Unwillig schüttelte Bert seinen brummenden Schädel. Er brauchte dringend die nächste Dosis! Verdammte Scheiße, dieser verfickte Virus erschwerte sein Leben ungemein. Vorsichtig reckte er den Kopf und schaute sich auf der Domplatte um. Wo üblicherweise bei Sonnenschein der Bär vor der gotischen Kulisse steppte, herrschte im Lockdown gähnende Leere. Er hatte keine Wahl, dies war sein gewohntes Terrain, sein Betätigungsfeld. Wo sollte er sonst hin?
Wie er das Gebrabbel der Touristenmassen vermisste. Ja gut, oft genug hatte er ihr fröhliches Geschnatter verflucht und ihre dämliche Angewohnheit, für Selfies vor der prachtvollen Domkulisse zu posieren, am besten mit Selfiestick … smile, klick klick, giggeln …
Aber ihre vollen Rucksäcke, die prall gefüllten Portemonnaies und locker sitzenden Smartphones, die hatte er nicht verachtet. Es war zu normalen Zeiten ein Leichtes, sie in der Szene zu versilbern. Wie leichtsinnig die Idioten mit ihren Besitztümern umgingen. Fixiert auf sich, auf die Sehenswürdigkeiten, auf das nächste Shopping-Vergnügen …
Bert seufzte und kauerte sich auf einer Treppenstufe zusammen.

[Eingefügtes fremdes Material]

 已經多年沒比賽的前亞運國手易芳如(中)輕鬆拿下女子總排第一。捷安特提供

So ein Mist. Die Typen von der Regierung hatten sich eine Menge einfallen lassen, um Geschäfte zu unterstützen. Aber an die Kleinkriminellen verschwendete keiner einen Gedanken. Er war nun arbeitslos. Wen kümmerten die Obdachlosen und Süchtigen. Kein Aas trug mehr Bargeld bei sich, alle bezahlten mit Plastikkarten oder Handy. Was sollte er da noch klauen? Mit Münzen konnte er etwas anfangen. Seine Schmerzen und schwarzen Gedanken beschäftigten ihn unnachgiebig, da blieb kein Raum für Papierkram wie Anträge. Bert verknotete seine Finger, schloss die Augen und kämpfte verzweifelt mit den Tränen. Seine Beine fühlten sich an wie Grießbrei. Ihm lief der Speichel im Mund zusammen. Wovon sollte er leben, wenn der fehlende Schutz der Anonymität in der Masse ihn daran hinderte, seinem Tagewerk nachzugehen? Keiner stellte mehr Flaschen an den Mülleimern oder sonst wo ab, diese Einnahmen entfielen komplett. Sein Kopf sank auf die Brust.

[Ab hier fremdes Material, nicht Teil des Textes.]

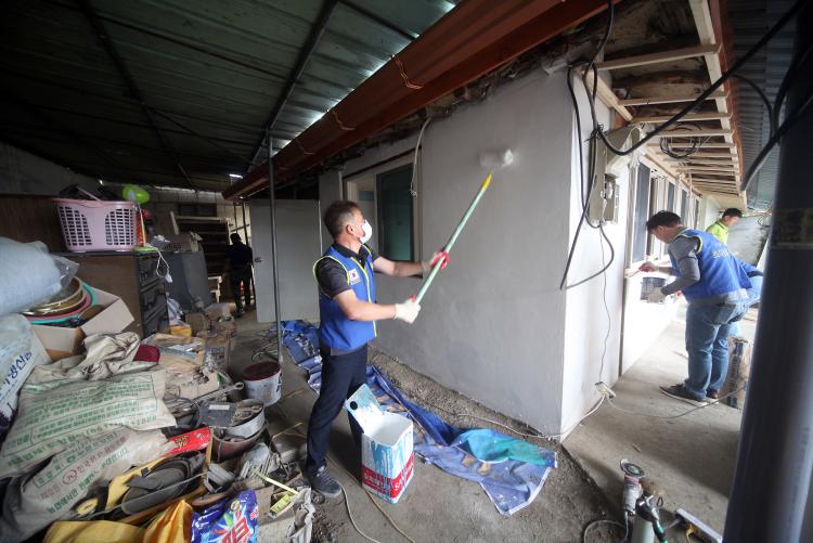 | 6ÀÏ ÀÔÁÖ¸¦ ¾ÕµÎ°í ¿Üº® ÆäÀÎÆ®Ä¥ ±¤°æ, ¿ÞÆí¿¡ °ø»ç·Î º¸°üÁßÀÎ °¡Àçµµ±¸µé |

„Ich helf dir mit dem Bürgergeldantrag“, hatte Sozialarbeiterin Elli angeboten. Doch er konnte sich nicht aufraffen. Sein Gehirn schlug Kapriolen bei den Gedanken an die notwendige Dosis. Welche Taschen sollte er ausrauben, wenn niemand mehr ins Land durfte? Selbst die rumänischen Kinderbanden waren scheinbar mangels Einnahmen nach Hause beordert worden. Nur vereinzelt huschten mal ein oder zwei Personen über die glatten grauen Steinplatten. Bert nahm einen tiefen Atemzug, er schmeckte kalt und bitter. Er zog die schmalen Schultern hoch und hustete. Keine Polizei zu sehen. Die Luft war rein. Er musste unwillkürlich grinsen. Ob das stimmte? Wer wusste schon, ob sich das perfide Virus, das sich unsichtbar mit der Harmlosigkeit des gleichnamigen Bieres in den Brustkörben der Menschen einnistete, nicht doch dem ab und an aufflackernden Ostwind trotzte und sich darin hielt?
Was schwirrten denn da für seltsame Gedanken in seinem Kopf herum … Wie um Himmelswillen sollte das jetzt weitergehen? Rastlos fingerte er nach dem abgegriffenen Mundschutz in seiner Jackentasche und scannte die Umgebung. Er war darauf angewiesen, Gefahr frühzeitig zu erkennen.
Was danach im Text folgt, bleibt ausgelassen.